According to conventional wisdom, proteins are either completely folded or completely unfolded — the in-between steps all occur synchronously, making it impossible to examine them one by one. But Victor Muñoz and his colleagues at the University of Maryland, College Park, tested this idea with atom-by-atom analysis of protein folding. This was a great challenge, as the process involves protein purification, data capture using either nuclear magnetic resonance (NMR) or X-ray crystallography, and then a massive data crunch. Doing this for every step of the protein's folding process is costly and time-consuming. But, in doing so, this team found that sometimes the many atoms of a protein fold almost independently of one another, instead of all together (see page 317). Nature caught up with Muñoz to talk about how he set up the experiment.

Just how difficult was this work?

It was very time-consuming. The data initially looked a real mess. Instead of capturing one folding condition, we created many different conditions at different temperatures, and had to track hundreds of atomic signals that kept changing.

How did you know your approach was working?

When we looked at the atomic folding patterns and saw their complexity, it was what we had anticipated. But we still had our doubts. Was this complexity real, or were we looking at the wrong thing? Then we performed a beautiful control in which we obtained the conventional folding behaviour by simply averaging the hundreds of atomic signals in the protein. And when we saw the same thing in both low and high resolution, we were pretty sure we had it. It was very fulfilling and exciting.

What was different from what the conventional idea would have shown?

If proteins have to cross an energy barrier when they fold, the making of all the bonds that hold the atoms in their folded position would occur simultaneously, and therefore all atomic unfolding behaviours would be identical.
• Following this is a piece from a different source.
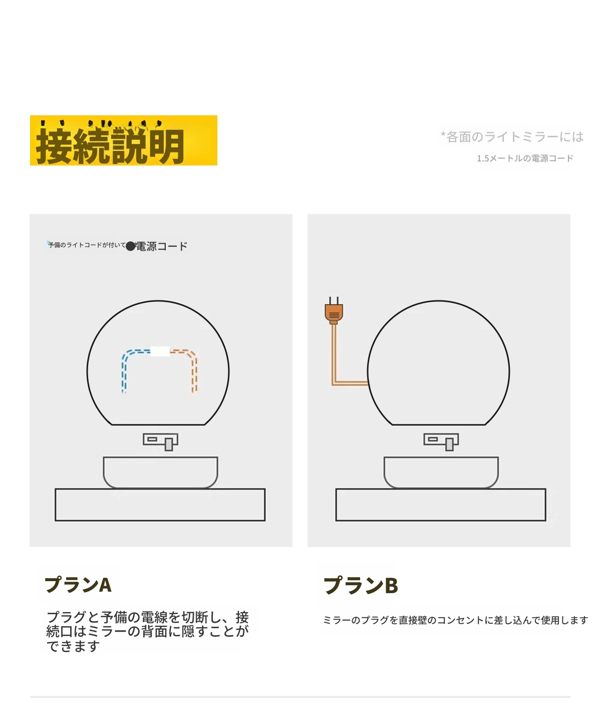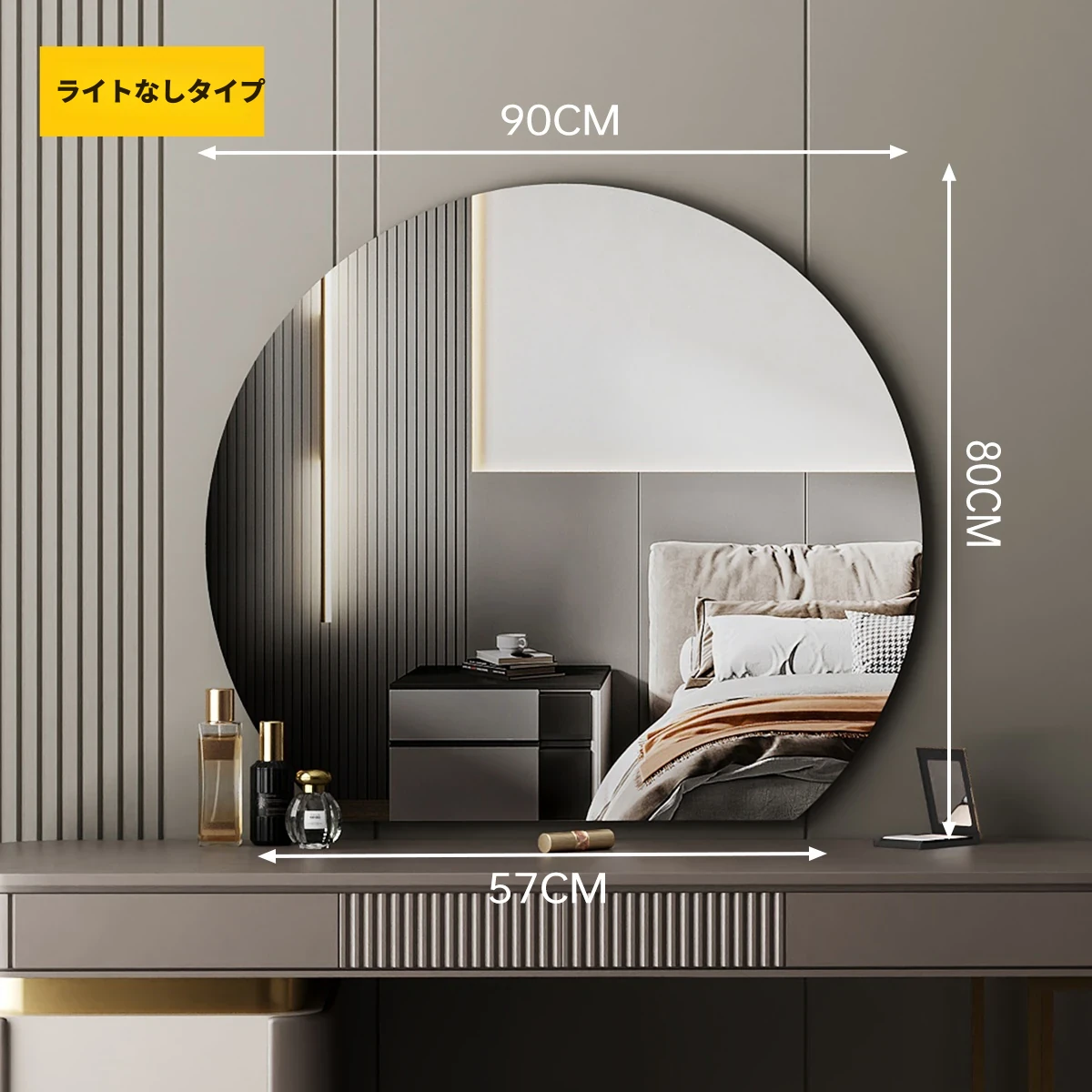 【ライトなし】90cm高解像度ミラー(穴あけ不要)

What we saw is that pairs of atoms make bonds almost independently of the rest of the protein. It is the consolidation of the whole network of bonds that acts as a web, holding the folded structure together.

What's next?

We are developing theoretical predictions to determine which proteins show these properties. Small and helical proteins are more likely to conform to this type of behaviour, but we may find it is more ubiquitous than previously thought.